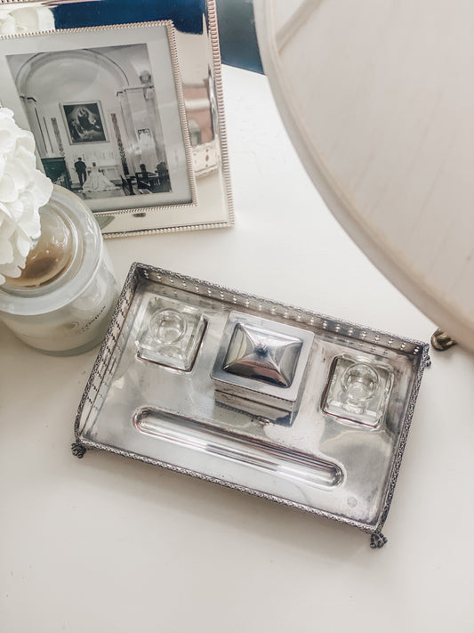 Antique Silver on Copper Desk Inkstand with Double Glass Inkwells & Paw Feet
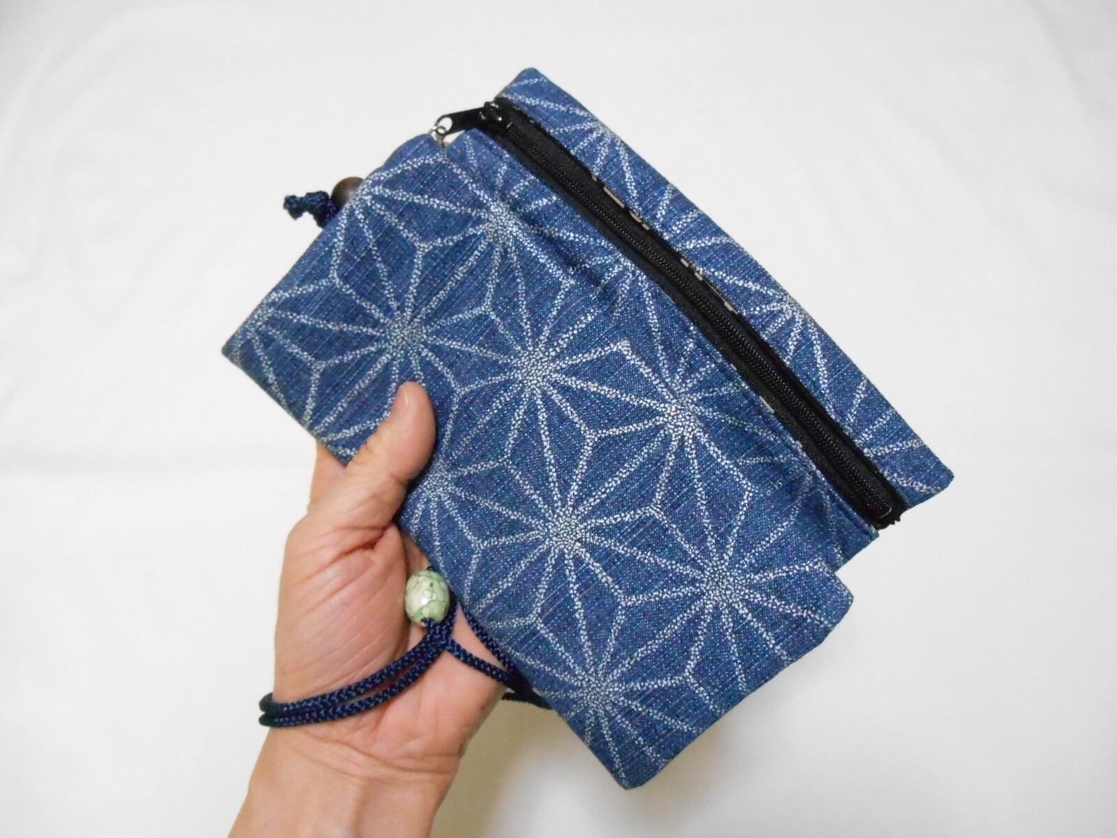 その技術を生かし、現代の日常で長く使っていただけるように素材はデニムを選び、銀泥で鎌輪奴(かまわぬ)デザインを金彩加工しました道中財布です。
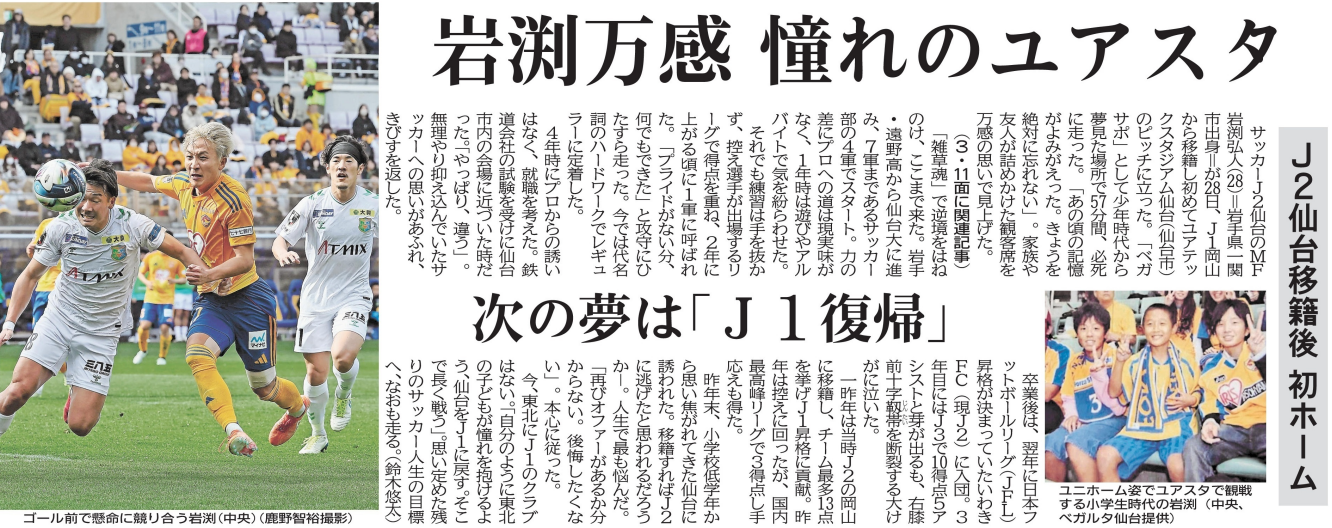 サッカーJ2仙台のMF岩渕弘人(仙台大卒)が2月28日、J1岡山から移籍し初めてユアテックスタジアム仙台(仙台市)のピッチに立ちました。「ベガサポ」として少年時代から夢見た場所で57分間、必死に走り続けました。「あの頃の記憶がよみがえった。きょうを絶対に忘れない」。家族や友人が詰めかけた観客席を万感の思いで見上げ、感謝と決意を胸に刻みました。
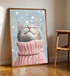 This sweet painting captures a moment of pure bliss. A fluffy gray kitten, snug in a warm pink sweater, closes its eyes with a blissful smile, feeling the gentle touch of falling snowflakes. The soft, wintery background creates a serene and peaceful mood, highlighting the kitten's happy expression. It's an image that reminds you of simple pleasures and cozy, joyful moments. This delightful artwork is perfect for adding a sense of warmth, charm, and cheer to any room.
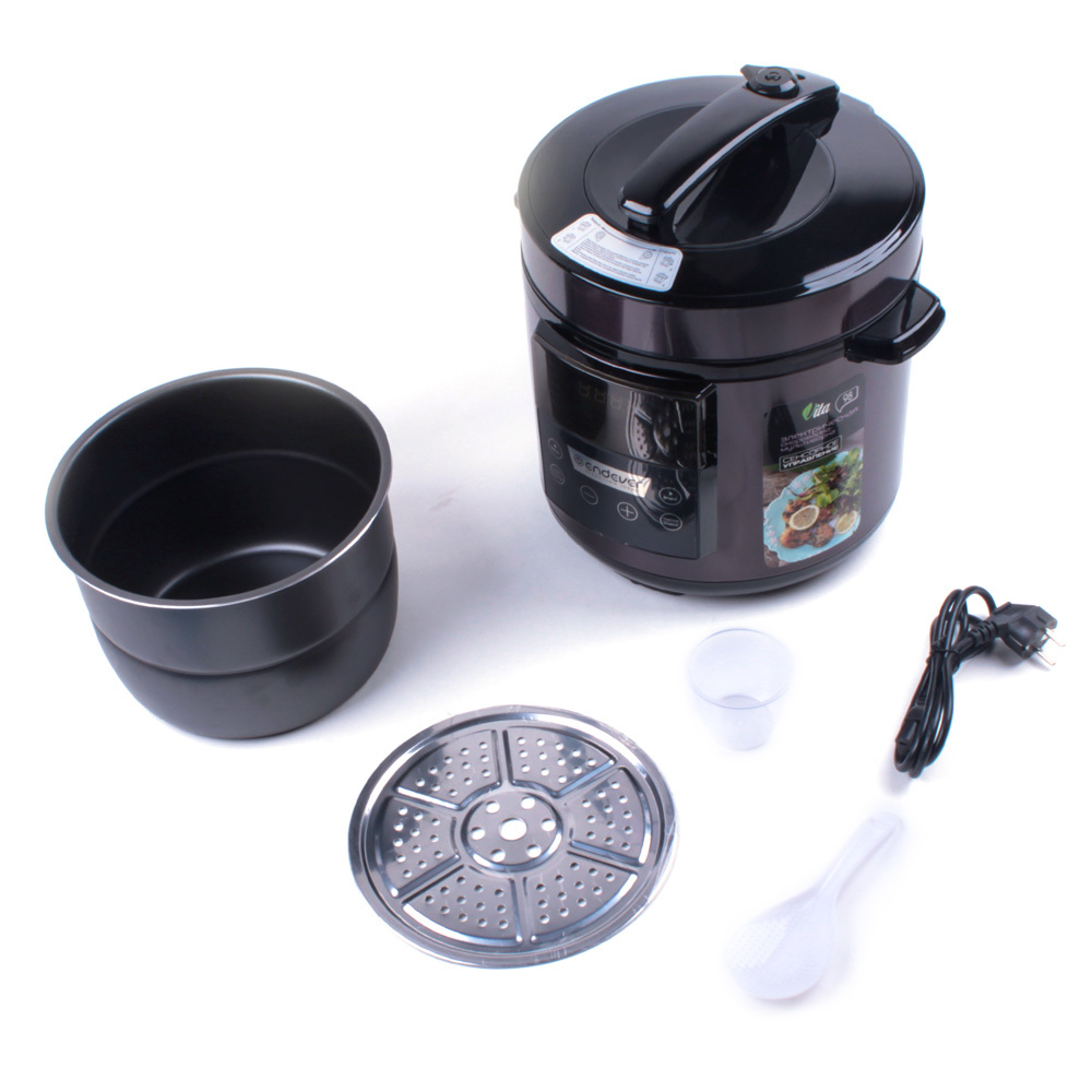Мультиварка-скороварка Endever Vita 98 вполне может заменить кастрюлю, сковороду, духовку и аэрогриль. С использованием устройства легко жарить мясо или птицу, варить суп и молочную кашу, тушить овощи и печь хлеб. Для приготовления полезных и аппетитных блюд не потребуется много усилий и времени, так как модель проста в управлении: программы устанавливаются нажатием кнопок на передней панели. На дисплее отображается время приготовления и текущий цикл.
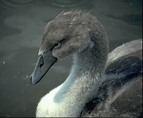 The cygnets when hatched are grey and downy, but this down is soon replaced by brown feathers, which gradually turn white during the next 12 months. The parent birds strongly protect their offspring for the first few months but will drive them away by the following breeding season.
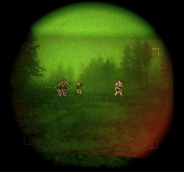 熱輪廓模式在任何釋放熱量的物體周圍產(chǎn)生一層薄薄的橙色輪廓線條,其余部分依然顯示微光夜視圖像。這種模式在使用紅外激光指示器時特別有用,因為使用者可以識別威脅,同時可以精確區(qū)分目標,尤其是當身邊也有戰(zhàn)友使用激光器照射目標時,可以互相明確各自瞄準的是哪一個。
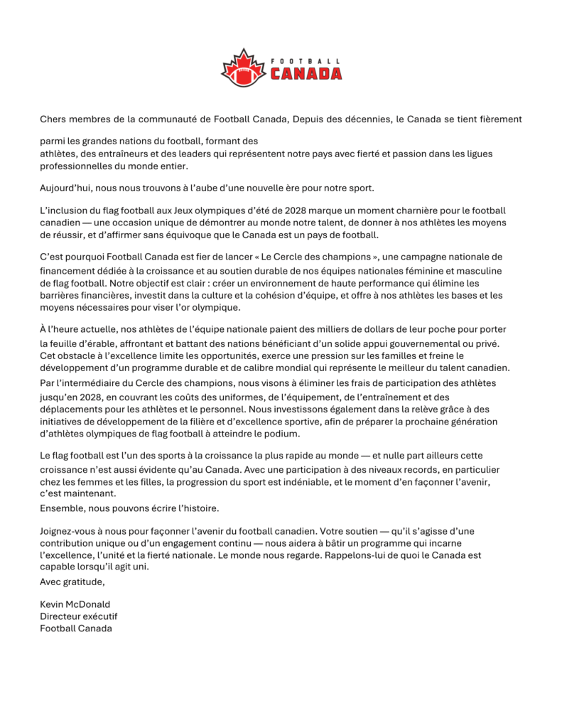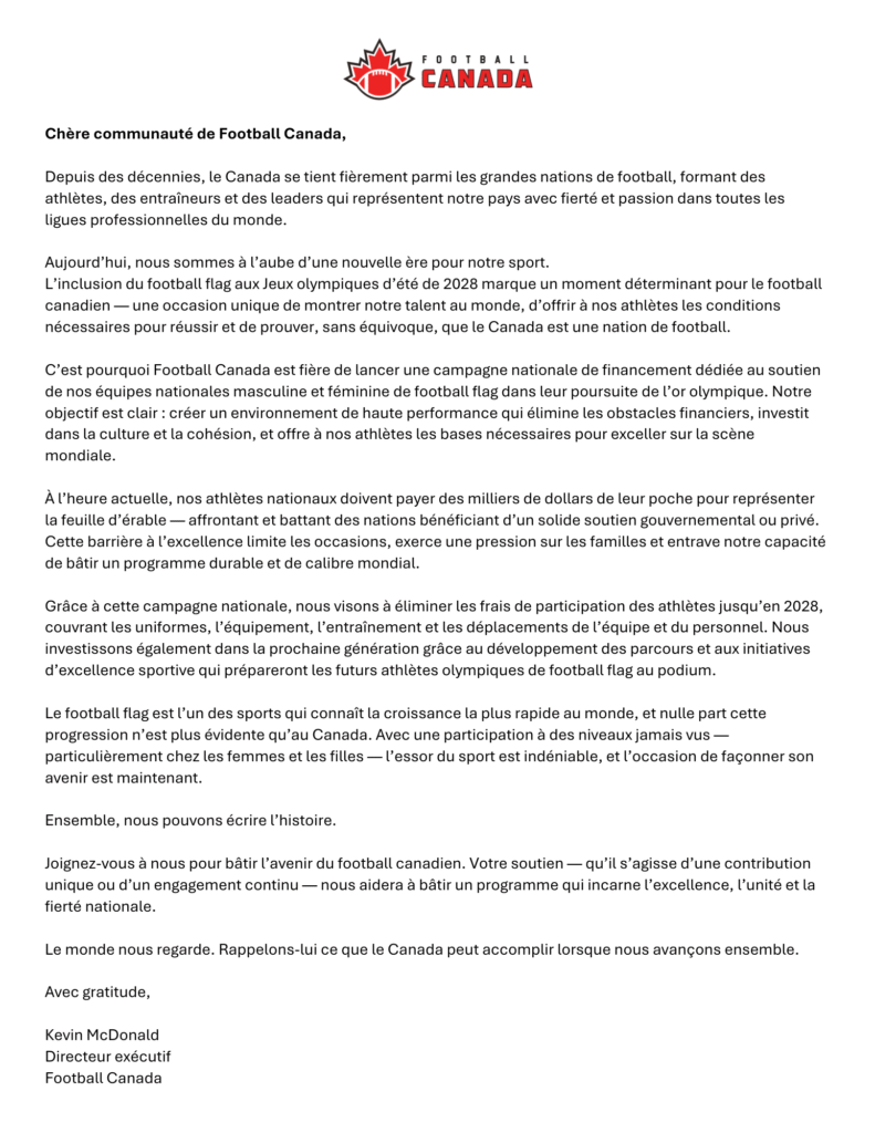 Lettre de Kevin McDonald, directeur exécutif de Football Canada

■ **Task brief**
Go through the material above and repeat it exactly. Omit the pictures.

■ **Expected answer**
 Antique Silver on Copper Desk Inkstand with Double Glass Inkwells & Paw Feet
 その技術を生かし、現代の日常で長く使っていただけるように素材はデニムを選び、銀泥で鎌輪奴(かまわぬ)デザインを金彩加工しました道中財布です。
 サッカーJ2仙台のMF岩渕弘人(仙台大卒)が2月28日、J1岡山から移籍し初めてユアテックスタジアム仙台(仙台市)のピッチに立ちました。「ベガサポ」として少年時代から夢見た場所で57分間、必死に走り続けました。「あの頃の記憶がよみがえった。きょうを絶対に忘れない」。家族や友人が詰めかけた観客席を万感の思いで見上げ、感謝と決意を胸に刻みました。
 This sweet painting captures a moment of pure bliss. A fluffy gray kitten, snug in a warm pink sweater, closes its eyes with a blissful smile, feeling the gentle touch of falling snowflakes. The soft, wintery background creates a serene and peaceful mood, highlighting the kitten's happy expression. It's an image that reminds you of simple pleasures and cozy, joyful moments. This delightful artwork is perfect for adding a sense of warmth, charm, and cheer to any room.
Мультиварка-скороварка Endever Vita 98 вполне может заменить кастрюлю, сковороду, духовку и аэрогриль. С использованием устройства легко жарить мясо или птицу, варить суп и молочную кашу, тушить овощи и печь хлеб. Для приготовления полезных и аппетитных блюд не потребуется много усилий и времени, так как модель проста в управлении: программы устанавливаются нажатием кнопок на передней панели. На дисплее отображается время приготовления и текущий цикл.
 The cygnets when hatched are grey and downy, but this down is soon replaced by brown feathers, which gradually turn white during the next 12 months. The parent birds strongly protect their offspring for the first few months but will drive them away by the following breeding season.
 熱輪廓模式在任何釋放熱量的物體周圍產(chǎn)生一層薄薄的橙色輪廓線條,其余部分依然顯示微光夜視圖像。這種模式在使用紅外激光指示器時特別有用,因為使用者可以識別威脅,同時可以精確區(qū)分目標,尤其是當身邊也有戰(zhàn)友使用激光器照射目標時,可以互相明確各自瞄準的是哪一個。
 Lettre de Kevin McDonald, directeur exécutif de Football Canada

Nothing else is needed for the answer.